Falling at the first

Chris Hallam on sitcoms' opening episodes

Father Ted was oddly flat. Men Behaving Badly didn’t feature any men behaving particularly badly. Friends was just confusing.

Make no mistake. Writing the first episode of a new sitcom is not easy. Even the greatest comedy series have often started from woefully unfunny or unpromising opening episodes.

Part of the problem is that the best sitcom humour derives from a certain familiarity with the situation and characters. We all know that Captain Mainwaring is pompous, that Baldrick’s cunning plans never work and that Rodney is a ‘plonker’. But at the start of Episode One – or at least when we first saw these series – we didn’t know these things.

Viewing a few first episodes of sitcoms past is certainly informative. Even when it is good, it’s usual to see a few things that were later discarded. Early Dad’s Army episodes often feature mocked up newsreel sequences featuring the characters. The device didn’t work very well even before the move into colour made such scenes obsolete anyway.

Similarly, early episodes of Yes Minister often used unconvincing fake TV broadcasts within the show charting Jim Hacker’s rise. This soon went as did a whole extra character, Hacker’s political adviser Frank Weisel (Neil Fitzwiliam). Watching now, he now seems out of place alongside the more familiar trio of Paul Eddington, Nigel Hawthorrne and Derek Fowlds and even looks more obviously stuck in the Seventies than the other characters. Yet Weisel’s inclusion wasn’t an error: he neatly illustrates how Hacker increasingly falls under the spell not of him but of the civil service, now he has ascended to ministerial power.

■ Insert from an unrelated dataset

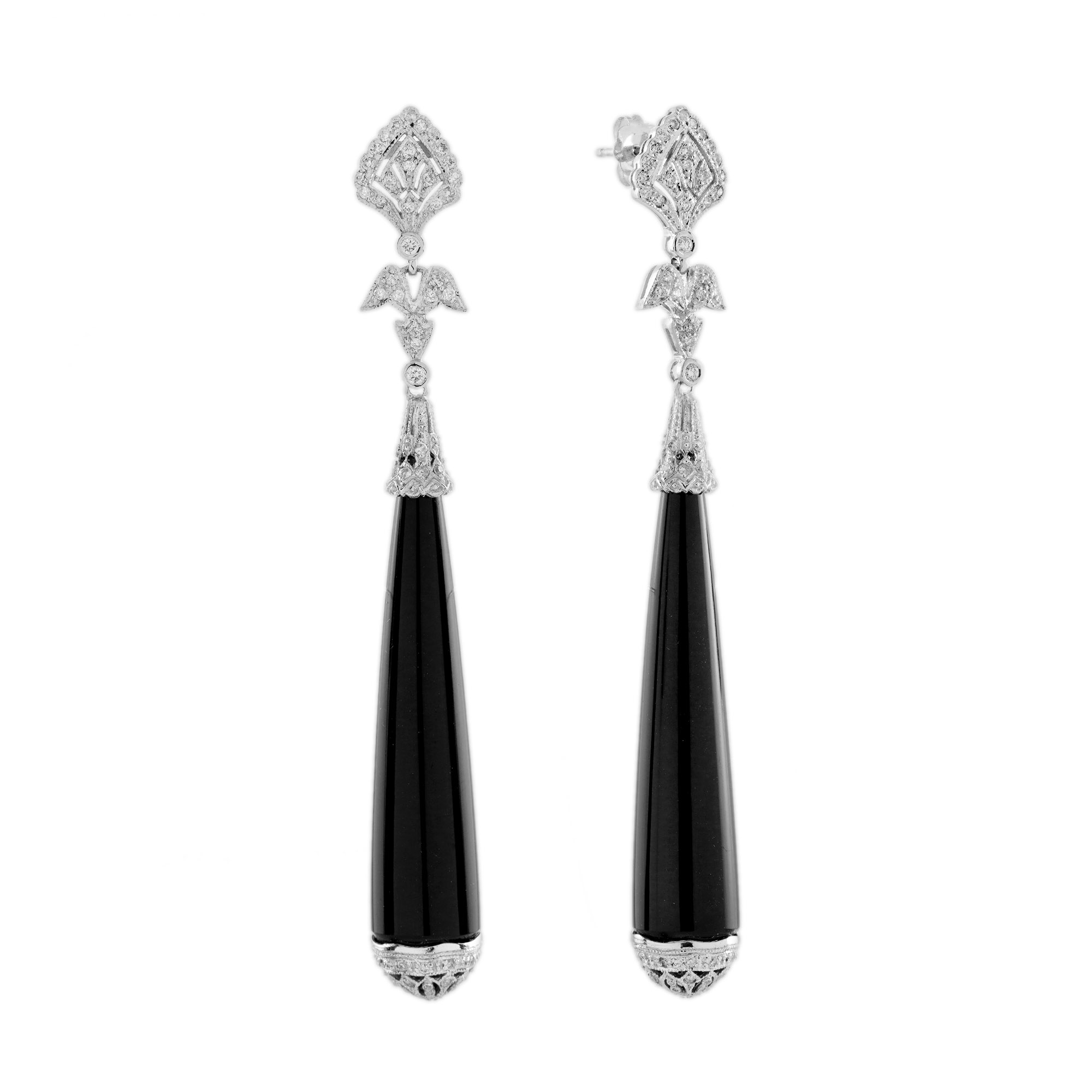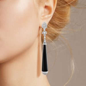 Adding a unique, elegant touch. Below, sleek onyx stones gracefully drop down, accented with diamonds at the bottom for added brilliance. The combination of the geometric Art Deco design, the bold contrast of onyx, and the sparkle of diamonds creates a timeless and sophisticated look perfect for any occasion.
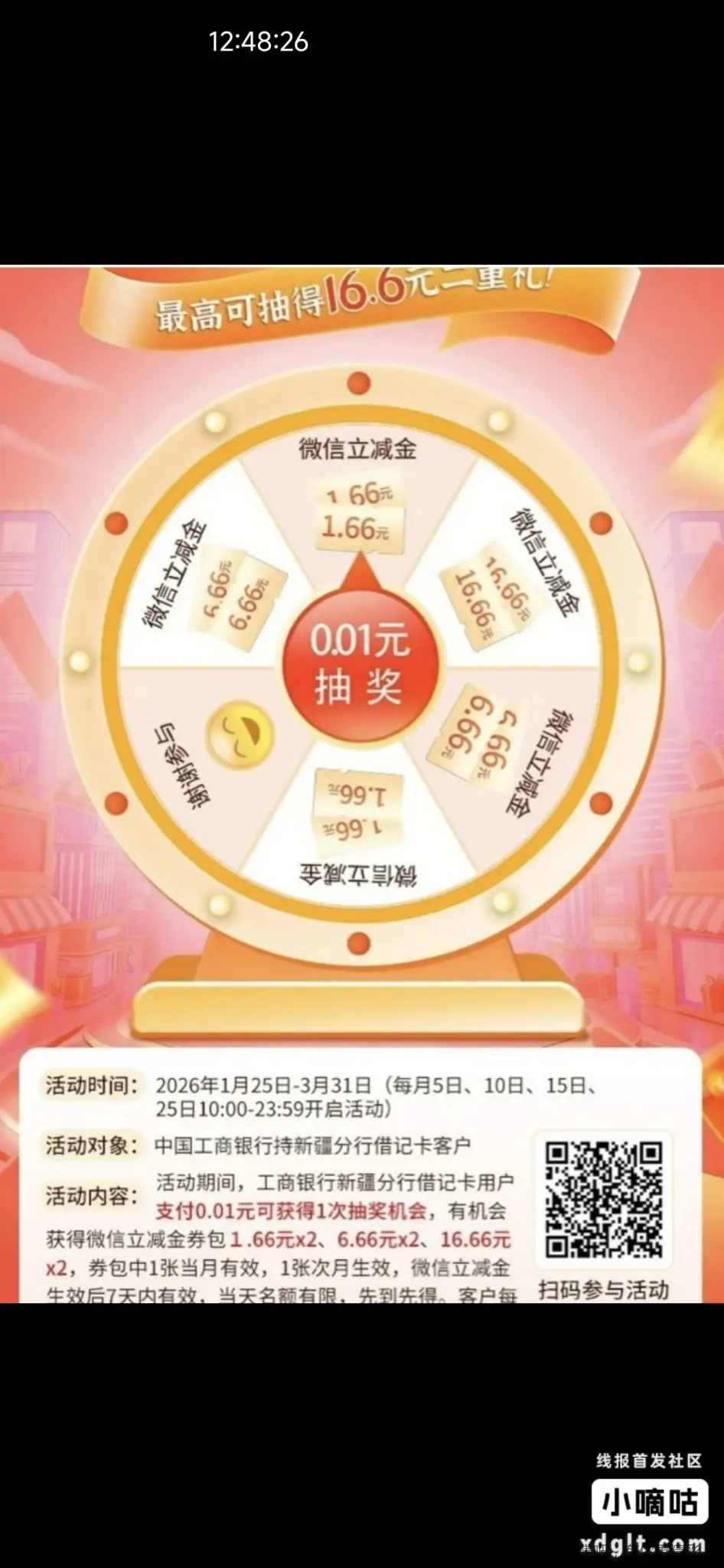 新疆工行卡付1分抽立减金,微扫活动不用地区,保底1.66x2立减金也限卡

Some shows take more than a series, not just the first episode, to get into their stride. The first series of Blackadder is generally far worse than anything that followed. Rowan Atkinson plays the first Blackadder, as more of an idiotic medieval version of Mr Bean than the cunning sarcastic schemer he would become from the second series onwards. Worse still, Baldrick is actually clever in the first series. His cunning plans actually work!

Men Behaving Badly got off to an odd start too. Not only was it in an earlier timeslot on ITV, but there was no Neil Morrissey at all. Harry Enfield played Dermot, an old Uni friend of Martin Clunes’ Gary. The tone was distinctly more highbrow than the later series (and more like Simon Nye’s original book) with Gary refusing to have a TV and appreciating classical music. The men didn’t even behave particularly badly. The mood changed with Neil Morrissey’s arrival replacing Enfield, the series ultimately embracing 90s lad culture.

Other comedies struggle to set up sometimes complex scenarios: in short, the sit undermines the com. 30 Rock writer and star Tina Fey summarises the situation in her book Bossypants: ‘You have to introduce all the characters without it feeling like a series of introductions. You have to tell a story that’s not only funny and compelling but also dramatises your main characters’ point of view and what the series [is] about”.

Oddly, the first episode of Father Ted remains surprisingly unfunny and flat (with the exception of Father Dougal’s inspired “spider baby” fantasy) despite wisely jettisoning a complex set up – Ted’s enforced exile to the island after an embezzlement scandal – to the back story. The first episode of Spaced, in contrast, works brilliantly despite a very ambitious set-up: Tim and Daisy meet randomly and decide to pretend to be a married couple to secure a flat. It’s actually one of its best episodes.

Perhaps there are no rules. The first I’m Alan Partridge is also perhaps one of the best. Partridge was not a new character but his new life as a divorcee living in a Travel Tavern was. There is actually no mention at all of who the new character of Lynn, Alan’s PA, is supposed to be during the entire episode.

The first Black Books meanwhile fails to introduce all three characters to each other and thus doesn’t really work. Peep Show works well, although uniquely sees David Mitchell’s Mark homing in (unsuccessfully) on bitchy neighbour Toni, a task usually attempted by Robert Webb’s wannabe lothario, Jez.

The first Friends actually holds up pretty well now but the first time I saw it Ross, Chandler and Joey all just seemed to be the same character. I had the same experience adapting to the male characters on the more recent US sitcom New Girl.

Other comedies, Fawlty Towers, Only Fools and Horses and The Office f all got into their stride right away, even though, ratings-wise Only Fools…took a while to get going.

Perhaps it’s best to treat episode one as if it’s part of a long running series? There’s no easy answer. It’s tough. These were after all, all the first episodes of only the successful shows. The task of launching a new sitcom has defeated many.